**WHAT TO DO**
The entries below hold a line with "Last weekend my" and a line with "Para ayudar a". Return those lines and all that lie between them, exactly and only.

**SUPPLIED DATA**
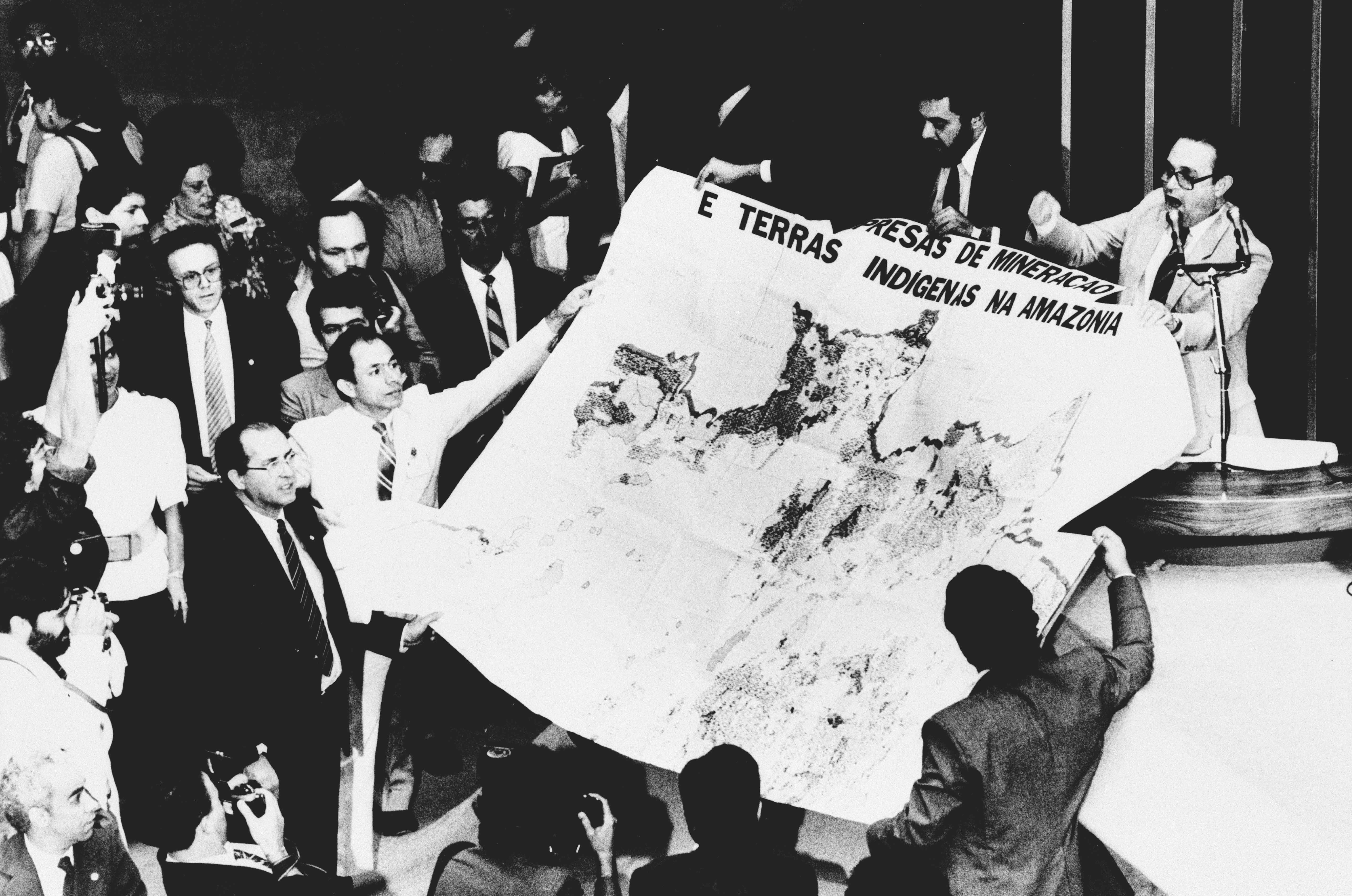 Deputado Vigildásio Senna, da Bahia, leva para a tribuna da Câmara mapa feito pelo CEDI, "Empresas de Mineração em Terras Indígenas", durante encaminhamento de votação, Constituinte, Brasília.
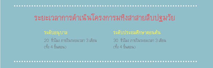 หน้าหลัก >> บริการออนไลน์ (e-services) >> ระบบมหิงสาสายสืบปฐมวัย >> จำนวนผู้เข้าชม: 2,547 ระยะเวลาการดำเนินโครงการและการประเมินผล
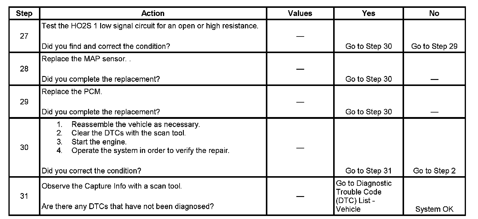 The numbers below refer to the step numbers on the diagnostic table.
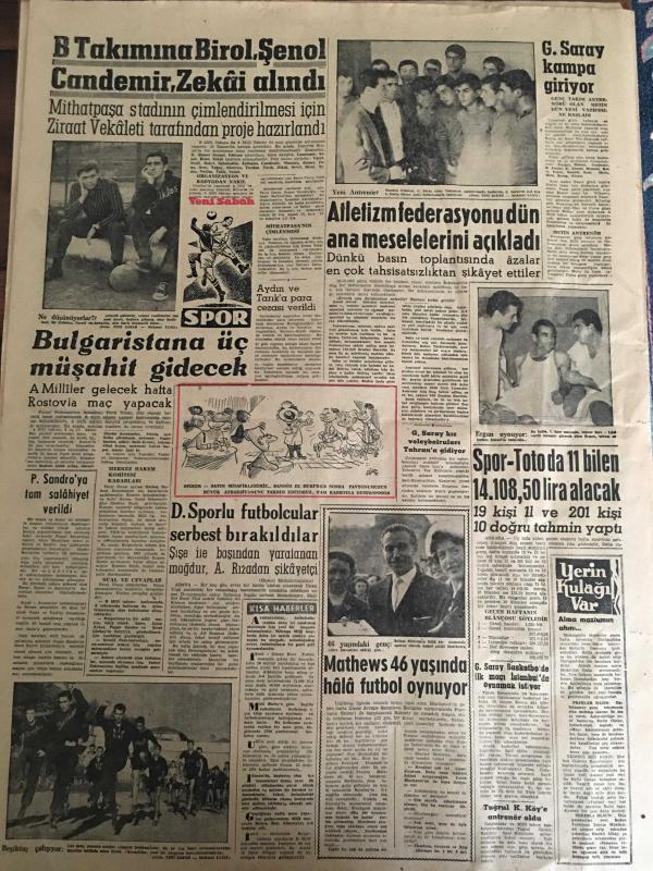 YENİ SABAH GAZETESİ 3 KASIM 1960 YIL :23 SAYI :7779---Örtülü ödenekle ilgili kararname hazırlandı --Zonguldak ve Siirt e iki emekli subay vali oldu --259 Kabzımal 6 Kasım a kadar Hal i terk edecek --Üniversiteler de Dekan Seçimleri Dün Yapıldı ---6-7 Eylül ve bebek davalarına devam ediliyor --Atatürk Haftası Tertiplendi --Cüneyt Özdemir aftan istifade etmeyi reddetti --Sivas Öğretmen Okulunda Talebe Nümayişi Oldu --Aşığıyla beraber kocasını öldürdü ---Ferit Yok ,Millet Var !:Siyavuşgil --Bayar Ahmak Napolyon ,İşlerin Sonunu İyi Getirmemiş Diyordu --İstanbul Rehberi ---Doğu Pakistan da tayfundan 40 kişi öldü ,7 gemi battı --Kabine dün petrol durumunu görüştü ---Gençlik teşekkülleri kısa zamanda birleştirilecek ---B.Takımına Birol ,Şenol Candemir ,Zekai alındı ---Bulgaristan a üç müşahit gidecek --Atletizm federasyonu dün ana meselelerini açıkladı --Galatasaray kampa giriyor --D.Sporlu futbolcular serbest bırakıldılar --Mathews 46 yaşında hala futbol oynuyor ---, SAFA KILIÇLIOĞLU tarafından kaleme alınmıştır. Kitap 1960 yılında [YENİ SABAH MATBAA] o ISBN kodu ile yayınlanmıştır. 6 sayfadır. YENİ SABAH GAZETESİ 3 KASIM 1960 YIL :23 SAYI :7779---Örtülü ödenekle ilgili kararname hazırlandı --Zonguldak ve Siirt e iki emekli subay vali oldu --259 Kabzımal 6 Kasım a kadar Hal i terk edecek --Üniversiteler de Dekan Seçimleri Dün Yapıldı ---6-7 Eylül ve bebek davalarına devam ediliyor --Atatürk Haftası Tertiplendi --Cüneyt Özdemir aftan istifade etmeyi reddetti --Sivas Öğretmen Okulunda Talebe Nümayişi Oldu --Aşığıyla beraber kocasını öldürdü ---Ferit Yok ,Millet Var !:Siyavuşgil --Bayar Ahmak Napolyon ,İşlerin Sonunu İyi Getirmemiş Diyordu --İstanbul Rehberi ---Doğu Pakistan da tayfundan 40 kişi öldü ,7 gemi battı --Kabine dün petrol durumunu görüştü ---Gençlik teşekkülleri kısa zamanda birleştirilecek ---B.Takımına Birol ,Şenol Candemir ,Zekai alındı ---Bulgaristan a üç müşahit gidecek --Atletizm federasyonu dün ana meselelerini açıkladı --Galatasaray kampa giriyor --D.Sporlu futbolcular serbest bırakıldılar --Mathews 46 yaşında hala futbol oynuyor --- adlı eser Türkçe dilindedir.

==

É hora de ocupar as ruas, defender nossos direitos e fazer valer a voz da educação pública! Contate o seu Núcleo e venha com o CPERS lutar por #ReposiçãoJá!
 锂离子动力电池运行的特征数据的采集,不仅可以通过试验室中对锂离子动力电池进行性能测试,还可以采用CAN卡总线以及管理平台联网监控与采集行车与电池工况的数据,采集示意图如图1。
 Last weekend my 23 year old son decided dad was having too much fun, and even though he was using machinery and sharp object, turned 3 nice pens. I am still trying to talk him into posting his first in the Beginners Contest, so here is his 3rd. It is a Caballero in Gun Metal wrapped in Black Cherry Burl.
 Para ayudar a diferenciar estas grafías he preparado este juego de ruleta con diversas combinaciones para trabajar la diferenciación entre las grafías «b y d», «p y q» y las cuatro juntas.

**EXERCISE RESULT**
 Last weekend my 23 year old son decided dad was having too much fun, and even though he was using machinery and sharp object, turned 3 nice pens. I am still trying to talk him into posting his first in the Beginners Contest, so here is his 3rd. It is a Caballero in Gun Metal wrapped in Black Cherry Burl.
 Para ayudar a diferenciar estas grafías he preparado este juego de ruleta con diversas combinaciones para trabajar la diferenciación entre las grafías «b y d», «p y q» y las cuatro juntas.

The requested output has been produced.